There was already little doubt that Google was aiming at Microsoft's empire, but the announcement of a Chrome OS takes the competition to a new level.
For those who missed it, Google said late Tuesday that it plans to enter the operating system game in the second half of next year with a Linux-based OS that can run on both traditional PC chips and the ARM-based chips popular in cell phones. The idea behind Chrome OS is to create an extremely lightweight operating system that boots directly to the browser, in which all applications run.
In a blog, Google lists the advantages of such an approach.
"People want to get to their email instantly, without wasting time waiting for their computers to boot and browsers to start up," Sundar Pichai, vice president of product management, and Linus Upson, engineering director, wrote in the blog. "They want their computers to always run as fast as when they first bought them. They want their data to be accessible to them wherever they are and not have to worry about losing their computer or forgetting to back up files. Even more importantly, they don't want to spend hours configuring their computers to work with every new piece of hardware, or have to worry about constant software updates."

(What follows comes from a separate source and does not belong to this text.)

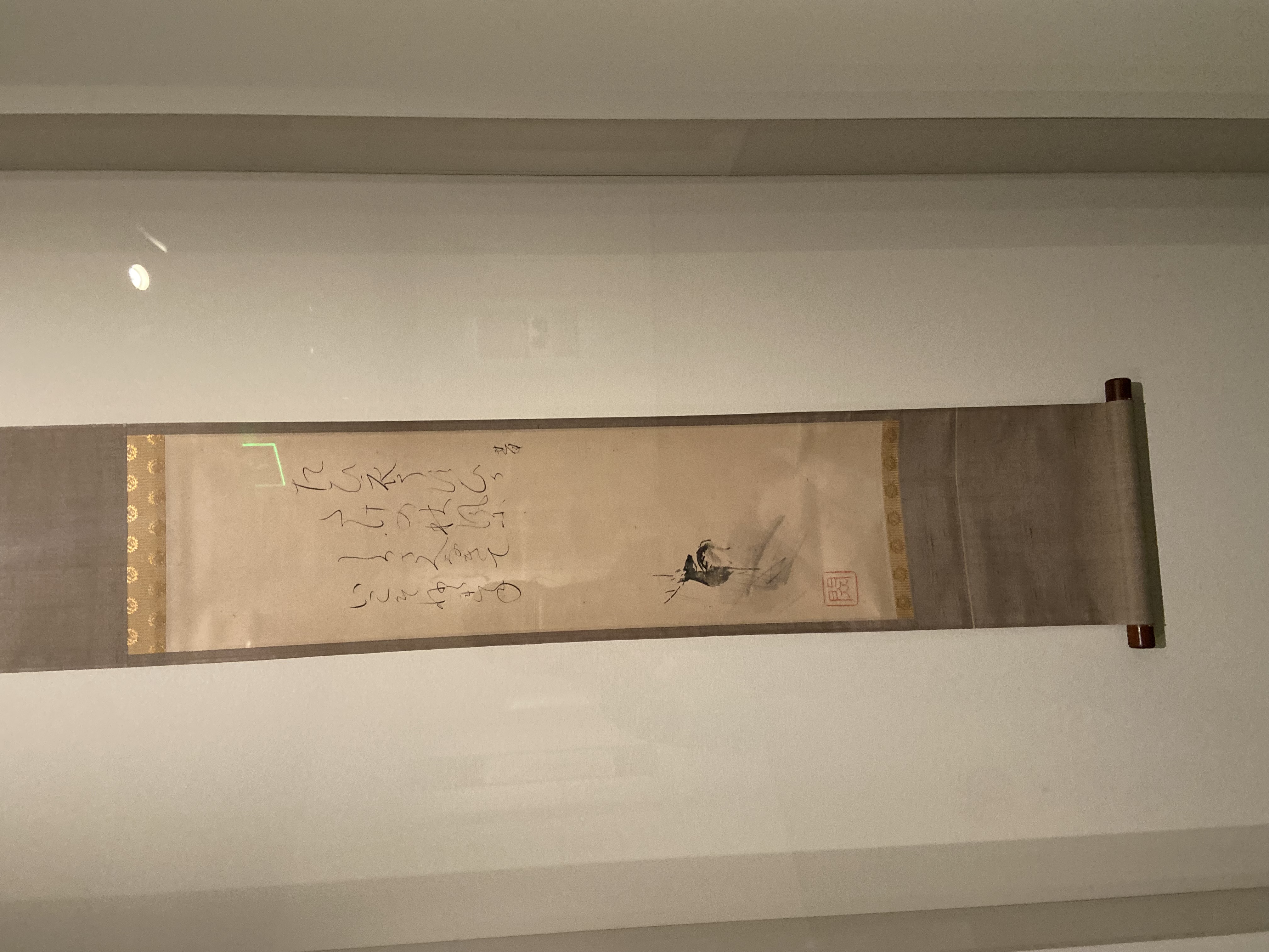 Many of the artwork featured were Japanese poetry slips and journals, known as Waka (which means Poem in Japanese), which haikus originate from (Asia for Educators). In the exhibit, there were many, many Wakas, written and painted using calligraphy ink on various kinds of paper. But, one in particular caught my eye more than the others, that one being “Stag and Poem”, created by Otagaki Renegetsu and Wada Gesshin (Figure 3).

While it is hard to deny the appeal of those attributes, it's worth pointing out that some awfully big names have taken that approach and seen it fail.

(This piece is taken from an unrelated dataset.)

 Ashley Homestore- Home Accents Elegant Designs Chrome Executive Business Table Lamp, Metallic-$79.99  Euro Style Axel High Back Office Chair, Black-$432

Even on the iPhone, developers and users demanded more.
That said, this is Google--and Google brings a considerably larger arsenal. With Google Gears, Google Native Client, and a host of other projects, Google is trying to blunt many of the browser's shortcomings, including the inability to fully tap local processing and storage.
This effort will take time, as Google itself acknowledges, but the company's full-frontal assault on Windows is definitely out in the open.
Obviously, this will be a fun one to watch. I've asked Microsoft for its take, and I hope to have more to say once I've had a chance to sleep on all this--literally.